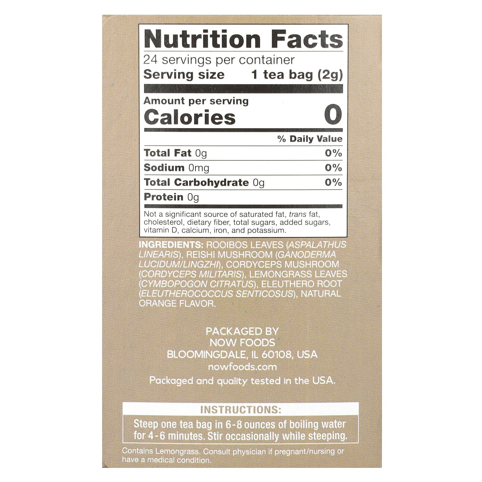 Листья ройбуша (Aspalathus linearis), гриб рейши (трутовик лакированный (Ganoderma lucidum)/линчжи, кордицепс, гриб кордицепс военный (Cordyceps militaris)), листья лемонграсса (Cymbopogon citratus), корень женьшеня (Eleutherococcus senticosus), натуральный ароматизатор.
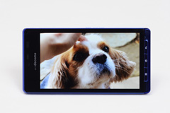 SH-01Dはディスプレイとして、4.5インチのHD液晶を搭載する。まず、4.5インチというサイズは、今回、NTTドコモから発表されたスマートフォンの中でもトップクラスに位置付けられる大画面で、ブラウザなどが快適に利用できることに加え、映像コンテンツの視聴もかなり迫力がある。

=====

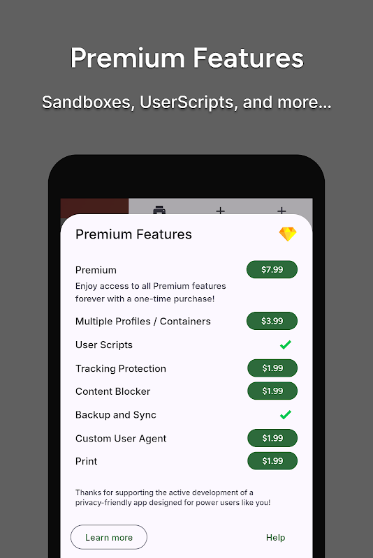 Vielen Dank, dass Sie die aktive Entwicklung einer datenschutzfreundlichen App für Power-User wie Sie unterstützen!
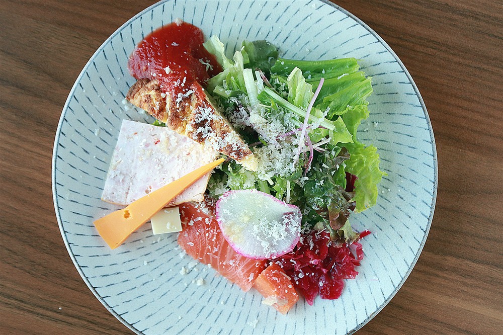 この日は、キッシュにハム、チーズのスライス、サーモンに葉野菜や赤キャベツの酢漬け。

=====

**WORK REQUEST**.
Using the entries above, repeat exactly the lines from the one with "Листья ройбуша (Aspalathus" to the one with "SH-01Dはディスプレイと", both included, and leave the pictures behind.

**THE ANSWER**.
 Листья ройбуша (Aspalathus linearis), гриб рейши (трутовик лакированный (Ganoderma lucidum)/линчжи, кордицепс, гриб кордицепс военный (Cordyceps militaris)), листья лемонграсса (Cymbopogon citratus), корень женьшеня (Eleutherococcus senticosus), натуральный ароматизатор.
 SH-01Dはディスプレイとして、4.5インチのHD液晶を搭載する。まず、4.5インチというサイズは、今回、NTTドコモから発表されたスマートフォンの中でもトップクラスに位置付けられる大画面で、ブラウザなどが快適に利用できることに加え、映像コンテンツの視聴もかなり迫力がある。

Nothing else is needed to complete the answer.